● **Information given**
BEGIN

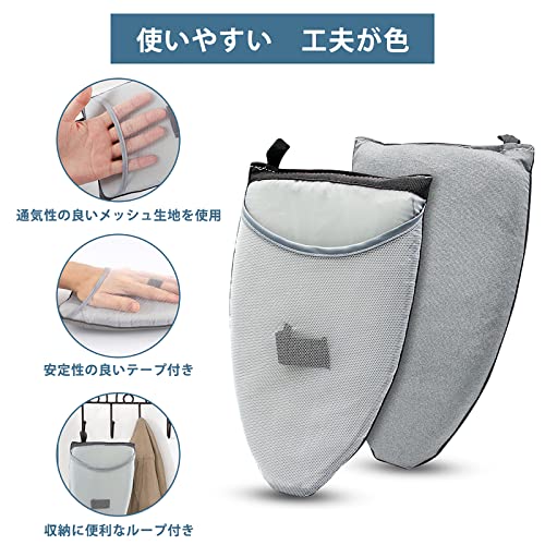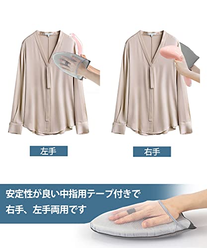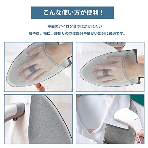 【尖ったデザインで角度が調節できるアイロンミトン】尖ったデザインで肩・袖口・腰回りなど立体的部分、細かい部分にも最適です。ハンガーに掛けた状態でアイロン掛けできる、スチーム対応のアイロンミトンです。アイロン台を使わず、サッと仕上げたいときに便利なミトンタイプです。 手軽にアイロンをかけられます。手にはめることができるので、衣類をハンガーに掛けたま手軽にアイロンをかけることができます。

END
BEGIN

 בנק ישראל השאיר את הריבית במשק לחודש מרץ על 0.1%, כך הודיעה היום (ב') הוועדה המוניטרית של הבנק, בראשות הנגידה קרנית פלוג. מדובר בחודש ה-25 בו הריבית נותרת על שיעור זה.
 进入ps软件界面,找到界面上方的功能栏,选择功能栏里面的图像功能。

END
BEGIN

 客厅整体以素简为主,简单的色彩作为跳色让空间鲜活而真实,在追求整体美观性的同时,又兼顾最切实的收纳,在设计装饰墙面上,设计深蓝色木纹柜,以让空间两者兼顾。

END

● **What the exercise asks**
All that is wanted is an exact copy of the lines above from the one with "בנק ישראל השאיר" through the one with "进入ps软件界面,找到界面上方的功能栏,选择功能栏里面的图像功能。", with both ends included.

● **Your solution**
 בנק ישראל השאיר את הריבית במשק לחודש מרץ על 0.1%, כך הודיעה היום (ב') הוועדה המוניטרית של הבנק, בראשות הנגידה קרנית פלוג. מדובר בחודש ה-25 בו הריבית נותרת על שיעור זה.
 进入ps软件界面,找到界面上方的功能栏,选择功能栏里面的图像功能。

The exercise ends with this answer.